## Friday, 5 August 2016

### Plain vanilla recurrent neural networks in R: waves prediction

While continuing my study of neural networks and deep learning, I inevitably meet up with recurrent neural networks.

Recurrent neural networks (RNN) are a particular kind of neural networks usually very good at predicting sequences due to their inner working. If your task is to predict a sequence or a periodic signal, then using a RNN might be a good starting point. Plain vanilla RNN work fine but they have a little problem when trying to “keep in memory” events occured, say for instance, more than 20 steps back. The solution to this problem has been addressed with the development of a model called LSTM network. As far as I know, LSTM should usually be preferred to a plain vanilla RNN when possible as it yields better results.

In this post however, I am going to work on a plain vanilla RNN model. The reasons for doing this are two. First of all this is one of my first experience with RNN and I would like to get comfortable with them before going deeper; secondly, R provides a simple and very user friendly package named “rnn” for working with recurrent neural networks. I am going to dive in LSTM using MXNET and Tensorflow later.

The task I am going to address is trying to predict a cosine from a noisy sine wave. Here below you can see the plot of the predictor X sequence and the Y sequence to be predicted.

X is essentially a sine wave with some normally distributed noise, while Y is a straightforward smooth cosine wave.

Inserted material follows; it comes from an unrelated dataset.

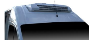
Intégration de groupe THERMOKING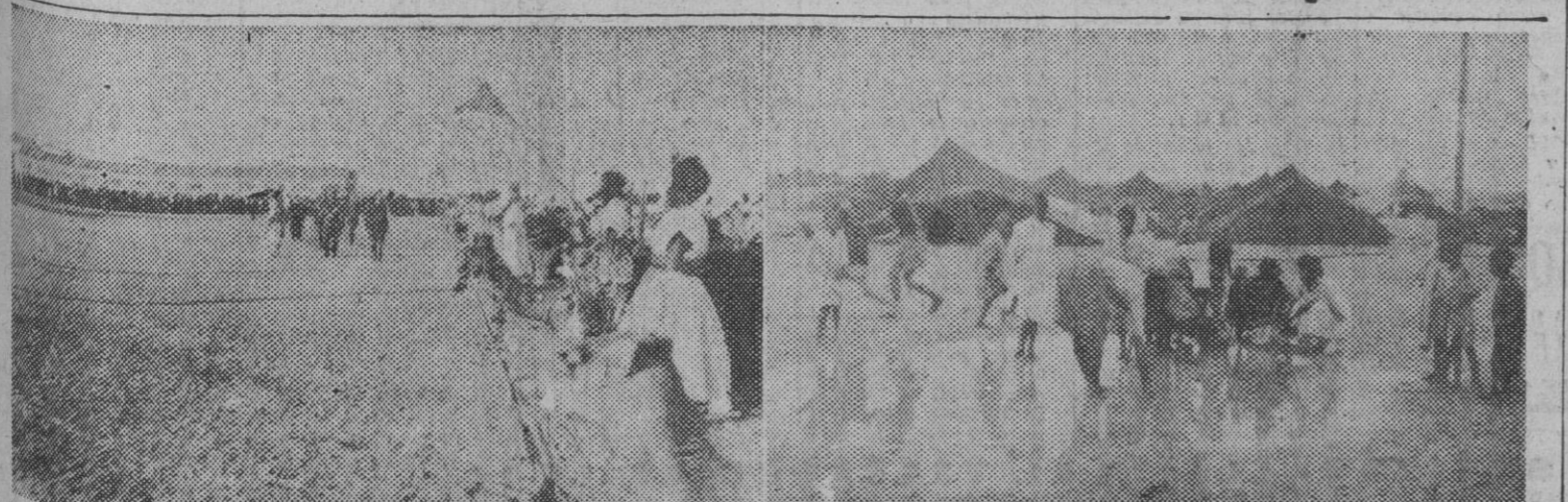
El gobernador militar del África Occidental Española, general Rosaleny, pasando revista a las fuerzas indígenas. En la foto de la derecha: Los nativos recogen el agua lluvia antes de que la resaca tierra la absorba; en estas regiones donde llueve tan de tarde en tarde, el agua tiene tanto valor como el oro.

You can clearly see that what I expect the model to do is to capture the phase shift of 90 degrees between the two waves and to throw away the noise in the input.

I chose to use a 5Hz frequency for both the waves but you can play around maybe trying to obtain similar results changing the frequency. Be aware though that the higher the frequency, the more datapoints you need to avoid problems that comes with the sampling theorem.

## Preprocessing

The artificial dataset I created for this task is a set of 10 sequences each of which consists of 40 observations. The X matrix contains 10 sequences of a noisy sine wave while the Y matrix contains the corresponding 10 sequences of a clear cosine wave.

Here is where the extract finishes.